Hype Meets Reality At iPhone's Debut
"People act as if this can bring world peace and cure cancer -- yet it can't download songs over the air," said Roger Entner, senior vice president of the communications sector of IAG Research.
Is that all you've got? That one line? Where's the claim that the iPhone's actually going to kill people? Sir, the horned one has followed Rob Enderle. He's actively mocked Rob Enderle. You, sir, are no Rob Enderle.
Or is he?
Roger Entner?
Rob Enderle?
The Macalope's starting to think someone's pulling his shank.
In reference to Mr. Gruber's question about who was quoting the 1,000,000 iPhone sales figure before the launch, a search on "Roger Entner" and "1,000,000" turns up nothing about the iPhone.
Surprise! Well, perhaps he told his cat.
Mythical beast and rumormonger extraordinaire, the Macalope writes about all things Apple for the CNET Blog Network. Read more at The Macalope: An Apple blog. He is not an employee of CNET. Disclosure.

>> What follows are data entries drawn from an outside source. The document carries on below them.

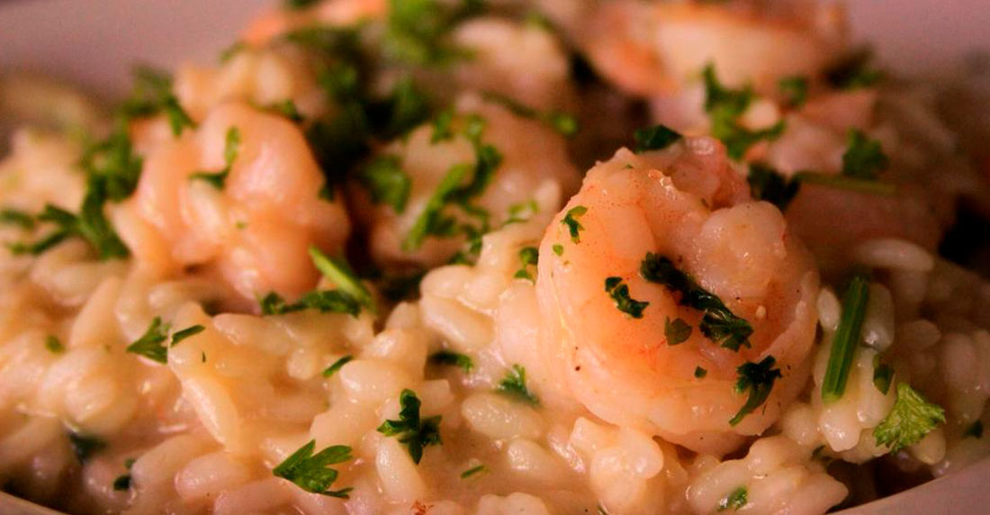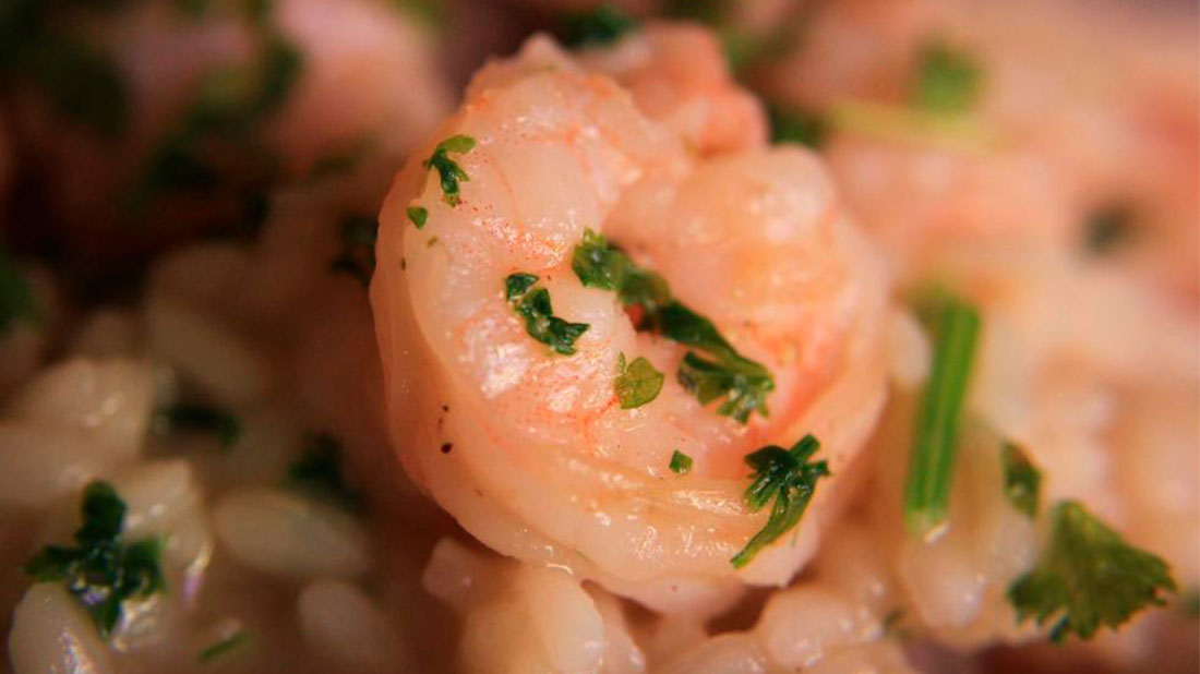 Poco a poco vamos agregando fumet caliente al arroz y paleteamos con amorosa paciencia. Cuando el goloso arroz se beba el caldo de pescado, le damos de beber una vez más. Y seguimos paleteando. Así: Paleta. Caldo caliente. Paleta. Fumet caliente. Paleta. Consomé caliente. Vamos testeando la consistencia del grano que para cada quién será distinta. El risotto es como un abrazo, a algunos les gusta suave y a otros que les cruja hasta los huesos. Cada uno determina su punto, y justo allí agregamos los camarones sellados y el vino blanco y paleteamos hasta que el arroz se embriague con el vino y lo evapore. Hacemos llover perejil fresco sobre el risotto.
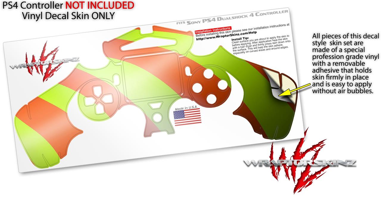 WraptorSkinz Skin compatible with Sony PS4 Dualshock Controller PlayStation 4 Original Slim and Pro Two Tone Waves Neon Green Orange (CONTROLLER NOT INCLUDED)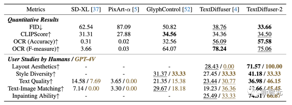 在定量实验中,TextDiffuser-2在大多数指标上具有优异的性能。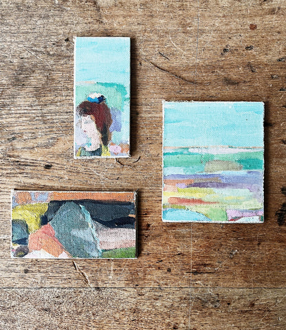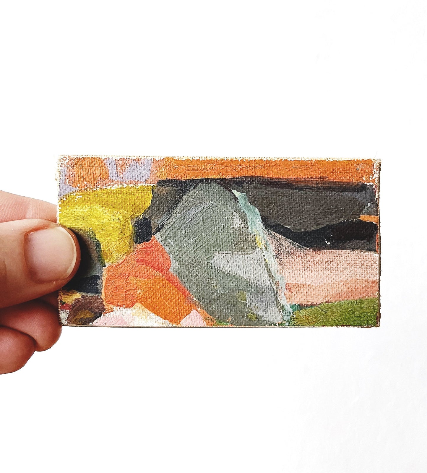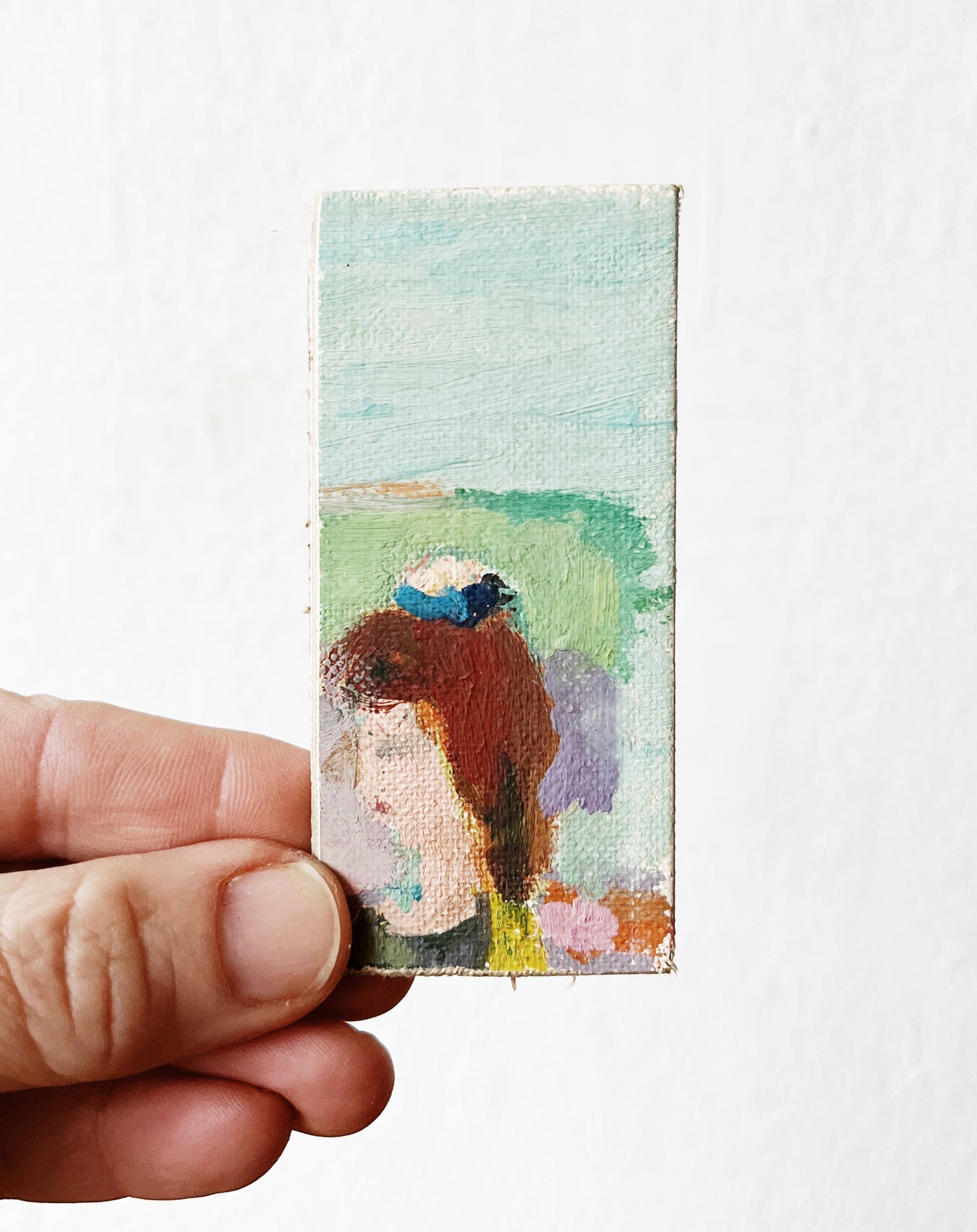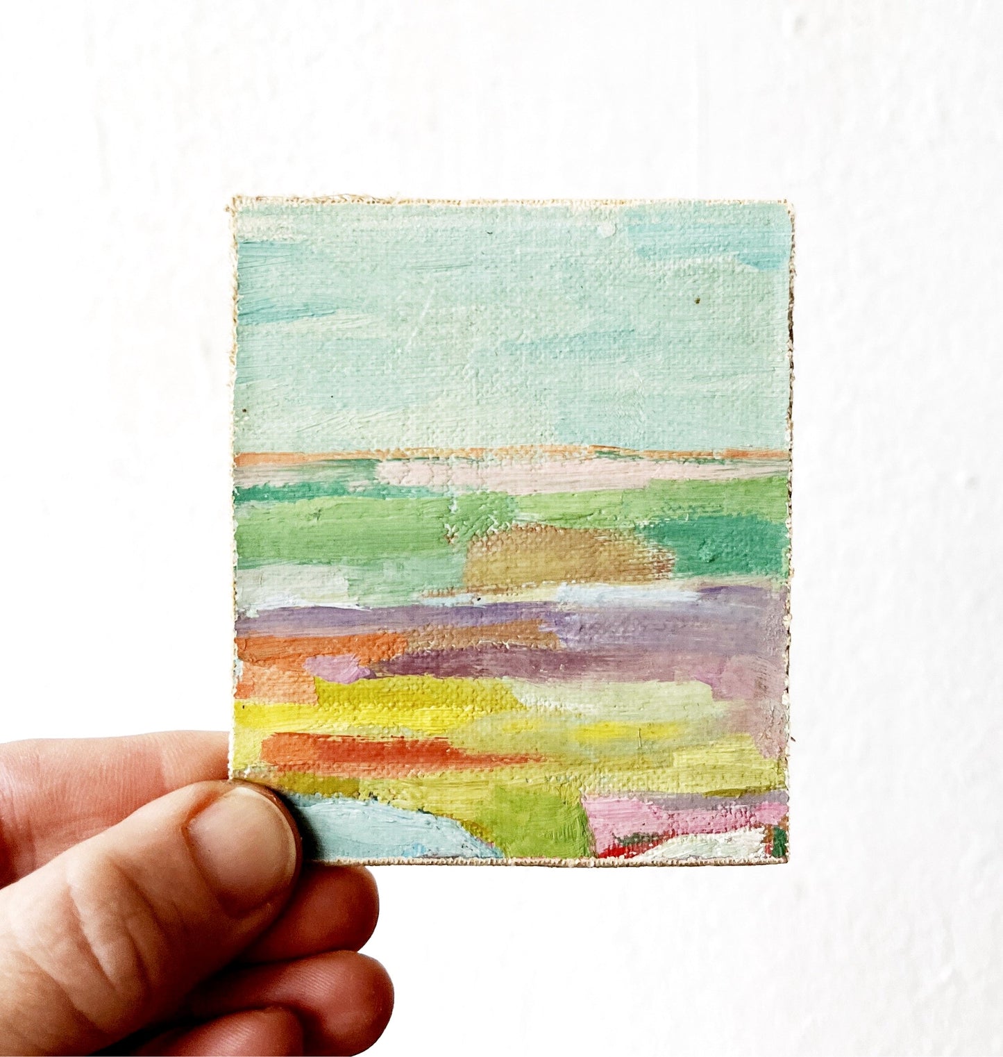 One of three little mini paintings that we found. Such a great little extra tucked onto the outside of a gift. This will prop or hang with the attached plastic hook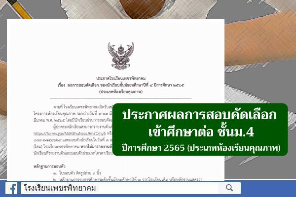 ประกาศโรงเรียนเพชรพิทยาคม เรื่อง ผลการสอบคัดเลือก ของนักเรียนชั้นมัธยมศึกษาปีที่ 4 ปีการศึกษา 2565 (ประเภทห้องเรียนคุณภาพ)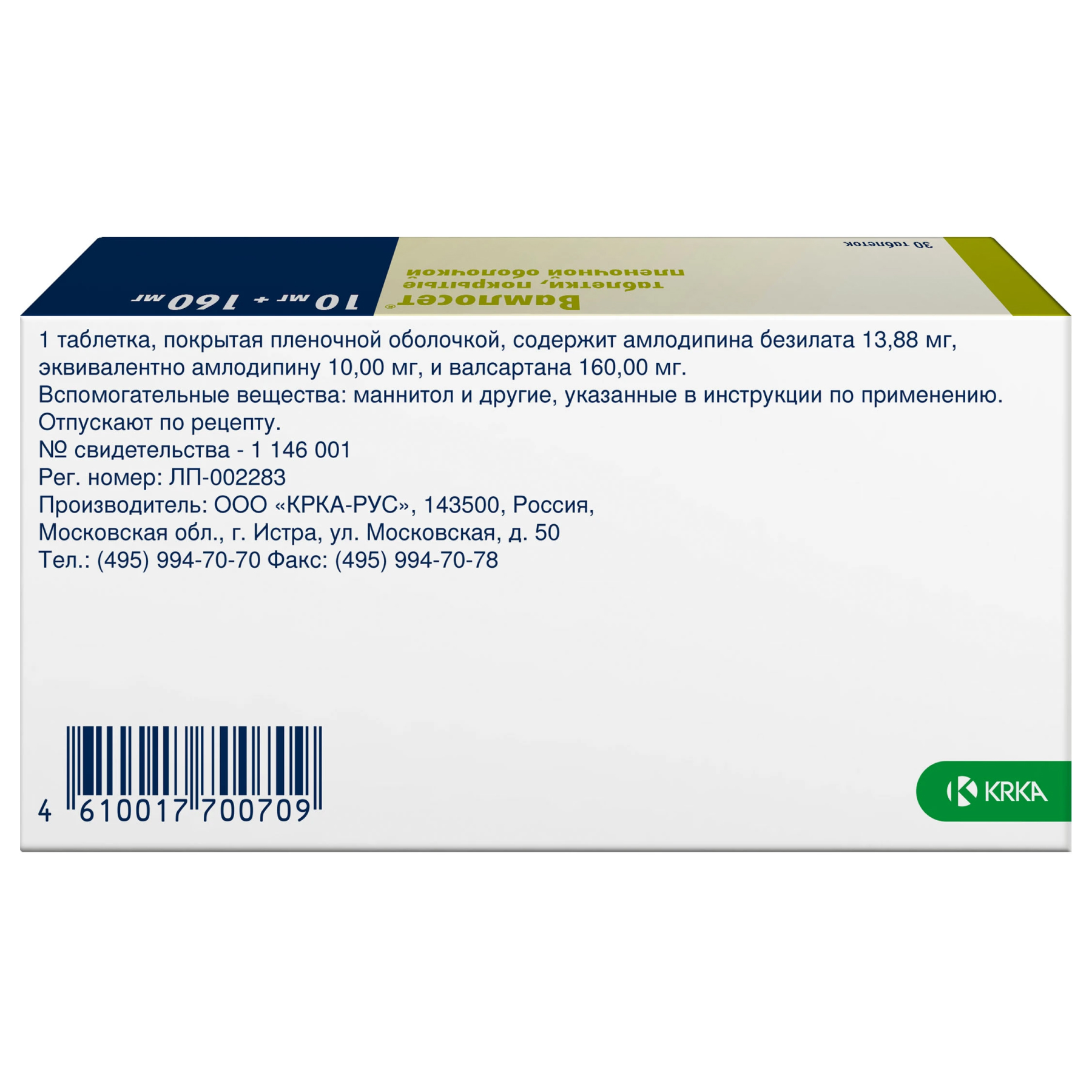 Действующие вещества: амлодипина безилат 13,88 мг, эквивалентно амлодипину 10,00 мг ,Валсартан А, субстанция-гранулы 251,35 мг.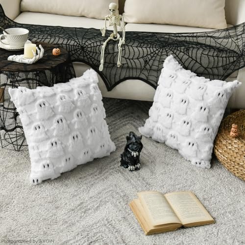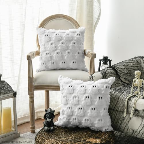 AVOIN colorlife Halloween Ghost White Throw Pillow Cover Set of 2, 18 x 18 Inch Soft Plush Faux Fur Jacquard Spooky Cushion Case Decoration for Sofa Couch
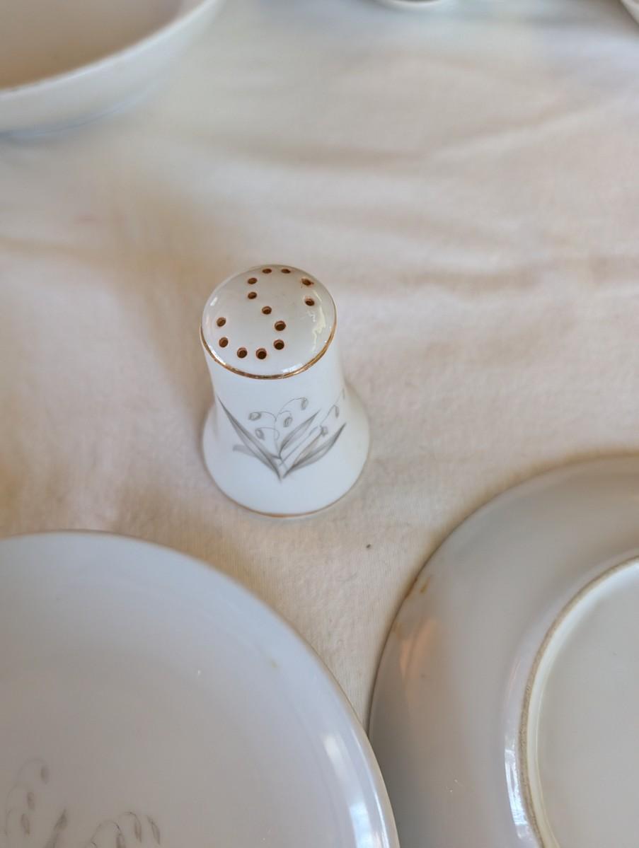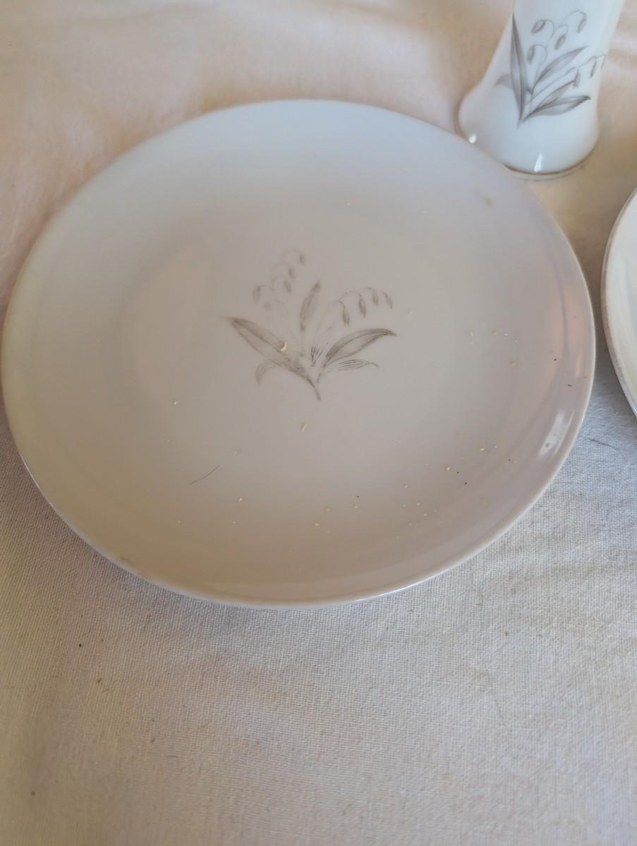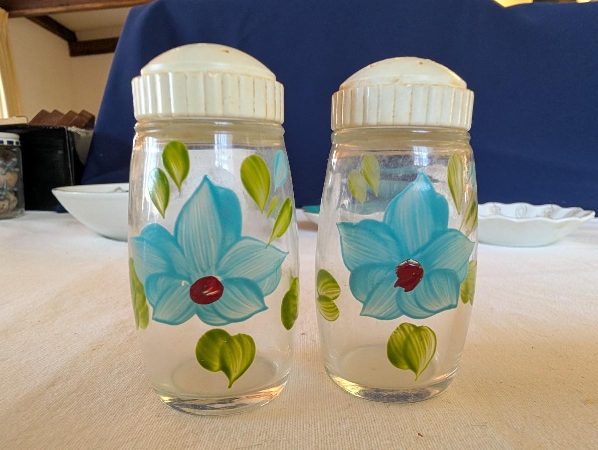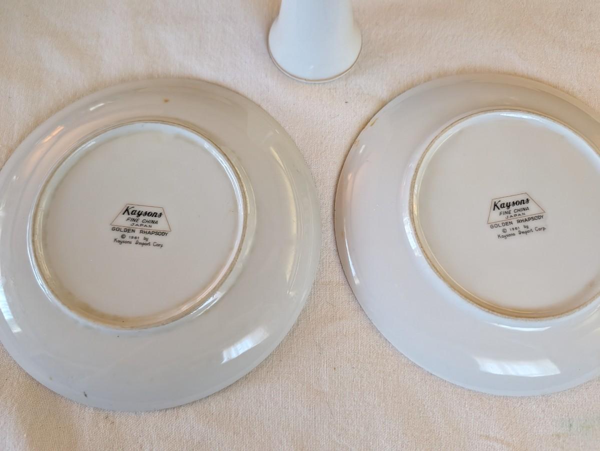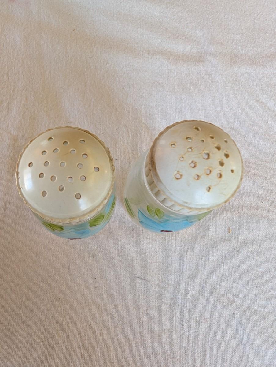 3 hand painted plates with hangers on the back. Hand painted salt and pepper shakers, salt shaker, 2 small china plates, bowl with beautiful flowers. 2 miscellaneous small dishes.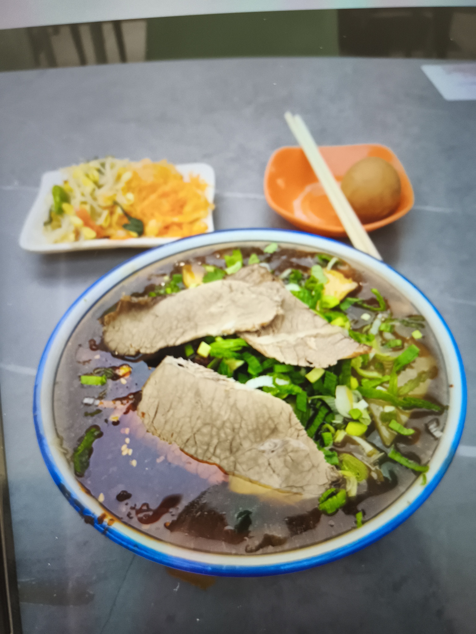 今天附近一家面馆搞活动,1块钱一碗牛肉面加蛋加菜,吃饱了,也算安慰吧。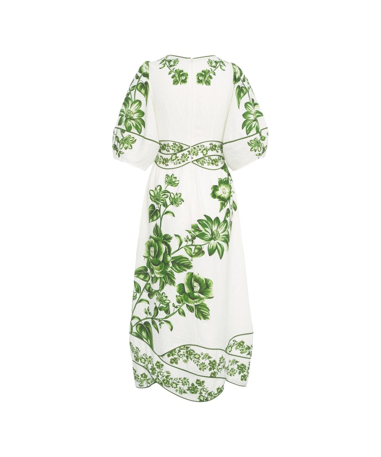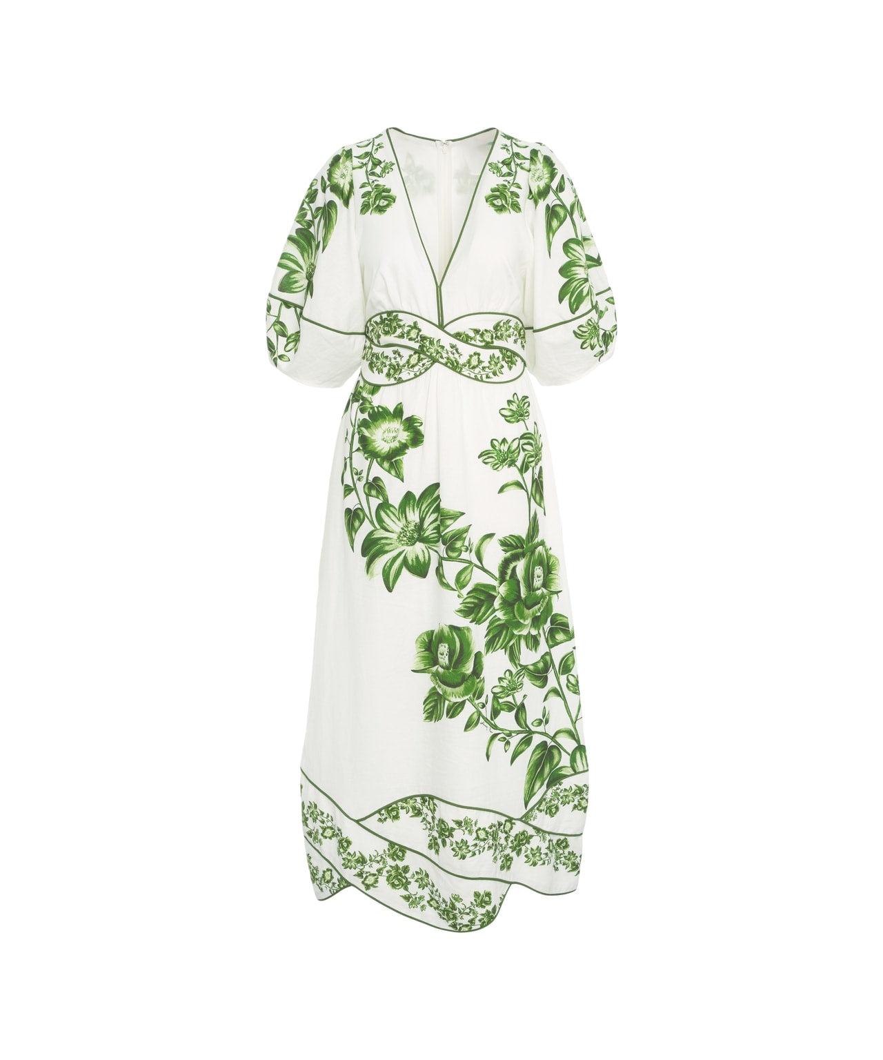 Calf-lengthV-necklineFloral printThree-quarter length sleevesInternal hookWaistbandSlip dressAll-over printBalloon sleevesZipper on the back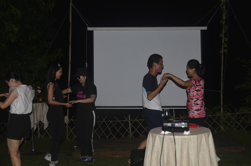 隨后,即興表演的節(jié)目也相當(dāng)豐富,大家紛紛自告奮勇上臺(tái)表演,有跳邁克杰克遜舞步的,有跳機(jī)械舞的,有跳恰恰舞的,有唱歌的,有朗誦詩詞的,有講笑話的,有發(fā)表個(gè)人感想的......大家在載歌載舞、推心置腹交流中結(jié)束了團(tuán)建活動(dòng)的最后一個(gè)環(huán)節(jié)!
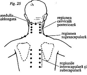 Apasati cele doua puncte suprascapulare, apoi cele doua siruri alcatuite din cate cinci puncte ce se intind de la zona interscapulara la cea subscapulara (fig. 25). Incepeti cu punctul stang suprascapular. Apasati cu indexul, degetul mijlociu si inelarul mainii drepte. Fiecare presiune trebuie sa dureze cinci secunde. Repetati de trei ori.

According to more than one source, they are finally running out of phones at stores, and they are estimated to have sold around 700,000 of the things. (http://www.bloomberg.com/apps/news?pid=20601103&sid=a7A4BDWusr2U&refer=news)
So, how could the possibly have a target of 1,000,000 phones when 300,000 of those like, you know, don't actually exist yet.
Or, is it all a big futile cover up to PRETEND not to have any phones, so that, uh.... They don't make any more money from them yet...
won't do.
"Cure cancer and solve world hunger"? Puh-leeze. That is just lame.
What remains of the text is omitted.